What to do |
For the listing below, output exactly the lines from the line with "A free medical" up to and including the line with "Pak dig ind", and no other lines.
######
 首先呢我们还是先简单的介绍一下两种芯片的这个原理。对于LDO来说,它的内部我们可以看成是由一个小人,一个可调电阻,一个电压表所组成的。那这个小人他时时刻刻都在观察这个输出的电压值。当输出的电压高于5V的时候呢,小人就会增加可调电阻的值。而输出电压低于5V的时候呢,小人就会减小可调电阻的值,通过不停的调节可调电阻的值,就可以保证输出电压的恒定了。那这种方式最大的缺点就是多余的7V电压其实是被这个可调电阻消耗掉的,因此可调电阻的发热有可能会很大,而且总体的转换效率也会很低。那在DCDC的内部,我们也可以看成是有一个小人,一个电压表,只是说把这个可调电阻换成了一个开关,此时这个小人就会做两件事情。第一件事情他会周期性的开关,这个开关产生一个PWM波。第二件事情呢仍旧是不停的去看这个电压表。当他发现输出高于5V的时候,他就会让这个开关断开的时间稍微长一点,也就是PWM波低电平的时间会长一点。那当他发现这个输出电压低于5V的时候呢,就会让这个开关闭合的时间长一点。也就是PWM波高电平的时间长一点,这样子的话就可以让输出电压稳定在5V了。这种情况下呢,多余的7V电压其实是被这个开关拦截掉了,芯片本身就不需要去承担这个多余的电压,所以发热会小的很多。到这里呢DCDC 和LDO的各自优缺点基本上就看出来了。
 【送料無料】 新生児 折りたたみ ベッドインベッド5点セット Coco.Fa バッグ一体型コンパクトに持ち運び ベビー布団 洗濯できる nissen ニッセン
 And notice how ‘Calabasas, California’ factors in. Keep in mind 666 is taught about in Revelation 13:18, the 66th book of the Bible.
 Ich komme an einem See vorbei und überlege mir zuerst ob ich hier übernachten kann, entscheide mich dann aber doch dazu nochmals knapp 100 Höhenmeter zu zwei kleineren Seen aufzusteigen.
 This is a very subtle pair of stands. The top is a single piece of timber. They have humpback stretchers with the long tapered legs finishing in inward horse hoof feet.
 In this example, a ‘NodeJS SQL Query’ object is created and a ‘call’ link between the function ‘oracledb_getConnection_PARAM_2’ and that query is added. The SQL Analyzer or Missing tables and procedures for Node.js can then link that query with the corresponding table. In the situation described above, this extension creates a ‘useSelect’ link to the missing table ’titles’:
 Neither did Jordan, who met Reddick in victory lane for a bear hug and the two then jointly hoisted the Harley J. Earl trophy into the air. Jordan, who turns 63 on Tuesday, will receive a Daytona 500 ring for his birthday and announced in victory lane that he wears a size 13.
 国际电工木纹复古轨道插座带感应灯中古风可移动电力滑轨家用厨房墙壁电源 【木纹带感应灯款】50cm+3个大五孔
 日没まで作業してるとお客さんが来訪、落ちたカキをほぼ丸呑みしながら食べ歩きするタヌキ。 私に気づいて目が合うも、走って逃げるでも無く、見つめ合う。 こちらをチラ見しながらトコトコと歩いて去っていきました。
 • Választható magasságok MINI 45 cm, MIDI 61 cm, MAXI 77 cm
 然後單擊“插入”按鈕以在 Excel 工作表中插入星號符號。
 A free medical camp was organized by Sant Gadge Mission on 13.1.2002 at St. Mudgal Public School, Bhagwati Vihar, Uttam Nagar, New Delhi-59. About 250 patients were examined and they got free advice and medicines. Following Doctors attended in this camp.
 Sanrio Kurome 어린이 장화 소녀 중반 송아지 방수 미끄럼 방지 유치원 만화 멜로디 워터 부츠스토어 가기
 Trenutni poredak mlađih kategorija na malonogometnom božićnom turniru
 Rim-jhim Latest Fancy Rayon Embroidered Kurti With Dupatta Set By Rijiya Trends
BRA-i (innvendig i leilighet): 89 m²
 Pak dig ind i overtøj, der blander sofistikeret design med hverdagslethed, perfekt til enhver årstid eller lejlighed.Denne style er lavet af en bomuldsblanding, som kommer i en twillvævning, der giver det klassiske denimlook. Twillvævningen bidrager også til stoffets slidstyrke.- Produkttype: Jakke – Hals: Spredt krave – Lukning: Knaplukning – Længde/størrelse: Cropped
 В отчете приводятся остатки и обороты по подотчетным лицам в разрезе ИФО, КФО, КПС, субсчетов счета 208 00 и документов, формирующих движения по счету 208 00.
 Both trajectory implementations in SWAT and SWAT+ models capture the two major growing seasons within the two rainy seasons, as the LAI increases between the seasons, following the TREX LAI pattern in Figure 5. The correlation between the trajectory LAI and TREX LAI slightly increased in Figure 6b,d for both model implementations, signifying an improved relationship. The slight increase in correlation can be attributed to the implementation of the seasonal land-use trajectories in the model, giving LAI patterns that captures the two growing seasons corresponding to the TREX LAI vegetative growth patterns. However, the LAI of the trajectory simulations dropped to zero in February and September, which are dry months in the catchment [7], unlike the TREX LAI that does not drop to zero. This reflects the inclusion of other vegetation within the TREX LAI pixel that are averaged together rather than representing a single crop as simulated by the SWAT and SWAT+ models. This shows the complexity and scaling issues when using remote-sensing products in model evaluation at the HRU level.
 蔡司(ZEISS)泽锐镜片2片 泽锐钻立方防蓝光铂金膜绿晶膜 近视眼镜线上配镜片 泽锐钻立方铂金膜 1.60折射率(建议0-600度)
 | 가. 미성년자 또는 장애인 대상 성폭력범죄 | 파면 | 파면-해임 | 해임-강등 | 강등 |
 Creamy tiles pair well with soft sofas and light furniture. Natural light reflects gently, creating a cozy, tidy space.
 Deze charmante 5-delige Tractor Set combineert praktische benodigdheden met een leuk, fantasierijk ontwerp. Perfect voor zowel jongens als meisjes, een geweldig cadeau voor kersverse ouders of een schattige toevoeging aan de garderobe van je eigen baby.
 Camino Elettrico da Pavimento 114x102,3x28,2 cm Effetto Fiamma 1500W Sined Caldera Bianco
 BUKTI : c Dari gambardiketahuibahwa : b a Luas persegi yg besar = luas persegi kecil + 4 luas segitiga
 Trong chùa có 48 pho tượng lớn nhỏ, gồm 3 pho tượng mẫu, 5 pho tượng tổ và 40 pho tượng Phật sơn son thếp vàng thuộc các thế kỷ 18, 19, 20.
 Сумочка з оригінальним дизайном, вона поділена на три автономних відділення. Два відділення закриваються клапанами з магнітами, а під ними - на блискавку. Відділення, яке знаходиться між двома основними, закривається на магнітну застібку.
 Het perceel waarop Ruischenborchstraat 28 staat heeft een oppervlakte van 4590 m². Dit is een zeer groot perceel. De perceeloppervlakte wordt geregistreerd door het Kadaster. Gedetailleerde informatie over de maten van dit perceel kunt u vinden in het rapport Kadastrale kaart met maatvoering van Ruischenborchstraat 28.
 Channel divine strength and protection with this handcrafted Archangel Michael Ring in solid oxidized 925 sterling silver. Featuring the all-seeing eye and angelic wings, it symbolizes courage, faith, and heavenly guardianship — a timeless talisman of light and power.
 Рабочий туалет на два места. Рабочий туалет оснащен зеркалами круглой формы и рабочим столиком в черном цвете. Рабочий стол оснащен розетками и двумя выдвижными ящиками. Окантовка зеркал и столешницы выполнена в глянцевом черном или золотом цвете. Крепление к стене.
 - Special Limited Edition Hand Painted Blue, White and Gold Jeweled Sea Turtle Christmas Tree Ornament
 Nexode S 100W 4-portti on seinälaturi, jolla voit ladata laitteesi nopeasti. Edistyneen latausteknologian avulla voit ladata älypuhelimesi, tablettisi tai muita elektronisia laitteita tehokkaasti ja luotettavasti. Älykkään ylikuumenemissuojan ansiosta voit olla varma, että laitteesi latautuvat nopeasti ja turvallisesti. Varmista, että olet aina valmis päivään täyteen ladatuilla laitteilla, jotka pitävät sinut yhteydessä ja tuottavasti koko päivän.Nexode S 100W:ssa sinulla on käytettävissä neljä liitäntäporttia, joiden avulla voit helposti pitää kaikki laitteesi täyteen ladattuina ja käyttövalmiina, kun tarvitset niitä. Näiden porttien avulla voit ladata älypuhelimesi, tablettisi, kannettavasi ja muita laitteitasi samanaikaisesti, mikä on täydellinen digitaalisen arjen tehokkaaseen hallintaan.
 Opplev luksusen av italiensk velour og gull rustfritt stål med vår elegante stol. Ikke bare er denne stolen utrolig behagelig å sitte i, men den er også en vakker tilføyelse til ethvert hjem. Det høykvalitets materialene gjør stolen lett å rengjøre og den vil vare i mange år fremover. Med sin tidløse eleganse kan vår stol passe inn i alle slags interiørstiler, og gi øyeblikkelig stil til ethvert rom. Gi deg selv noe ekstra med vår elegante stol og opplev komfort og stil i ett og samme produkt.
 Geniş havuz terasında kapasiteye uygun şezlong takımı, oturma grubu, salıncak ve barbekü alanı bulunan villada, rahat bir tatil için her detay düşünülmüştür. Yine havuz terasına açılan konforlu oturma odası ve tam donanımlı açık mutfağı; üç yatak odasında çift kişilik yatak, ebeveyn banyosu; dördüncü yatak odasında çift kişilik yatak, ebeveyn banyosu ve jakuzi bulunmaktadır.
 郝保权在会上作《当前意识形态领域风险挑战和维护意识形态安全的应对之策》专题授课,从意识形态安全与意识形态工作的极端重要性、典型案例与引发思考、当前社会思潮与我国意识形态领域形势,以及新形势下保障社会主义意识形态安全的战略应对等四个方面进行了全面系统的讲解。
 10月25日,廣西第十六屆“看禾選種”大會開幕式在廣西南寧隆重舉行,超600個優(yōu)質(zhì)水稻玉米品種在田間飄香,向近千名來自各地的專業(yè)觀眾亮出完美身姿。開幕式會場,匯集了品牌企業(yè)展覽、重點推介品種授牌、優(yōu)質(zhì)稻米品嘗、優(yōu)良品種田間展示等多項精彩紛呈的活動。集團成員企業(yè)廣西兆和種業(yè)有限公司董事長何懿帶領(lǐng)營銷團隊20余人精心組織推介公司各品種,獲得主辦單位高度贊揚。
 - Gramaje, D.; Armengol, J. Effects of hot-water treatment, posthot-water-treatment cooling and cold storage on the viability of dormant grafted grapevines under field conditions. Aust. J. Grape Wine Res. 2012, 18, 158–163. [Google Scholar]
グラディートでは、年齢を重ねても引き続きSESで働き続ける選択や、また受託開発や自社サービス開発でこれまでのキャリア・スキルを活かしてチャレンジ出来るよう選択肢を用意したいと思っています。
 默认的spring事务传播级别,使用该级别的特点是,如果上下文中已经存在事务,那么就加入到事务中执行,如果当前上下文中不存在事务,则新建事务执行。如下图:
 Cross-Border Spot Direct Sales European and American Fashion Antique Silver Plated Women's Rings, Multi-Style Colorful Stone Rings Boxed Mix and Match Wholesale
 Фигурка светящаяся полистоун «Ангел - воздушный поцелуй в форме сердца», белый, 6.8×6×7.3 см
######
Task response |
 A free medical camp was organized by Sant Gadge Mission on 13.1.2002 at St. Mudgal Public School, Bhagwati Vihar, Uttam Nagar, New Delhi-59. About 250 patients were examined and they got free advice and medicines. Following Doctors attended in this camp.
 Sanrio Kurome 어린이 장화 소녀 중반 송아지 방수 미끄럼 방지 유치원 만화 멜로디 워터 부츠스토어 가기
 Trenutni poredak mlađih kategorija na malonogometnom božićnom turniru
 Rim-jhim Latest Fancy Rayon Embroidered Kurti With Dupatta Set By Rijiya Trends
BRA-i (innvendig i leilighet): 89 m²
 Pak dig ind i overtøj, der blander sofistikeret design med hverdagslethed, perfekt til enhver årstid eller lejlighed.Denne style er lavet af en bomuldsblanding, som kommer i en twillvævning, der giver det klassiske denimlook. Twillvævningen bidrager også til stoffets slidstyrke.- Produkttype: Jakke – Hals: Spredt krave – Lukning: Knaplukning – Længde/størrelse: Cropped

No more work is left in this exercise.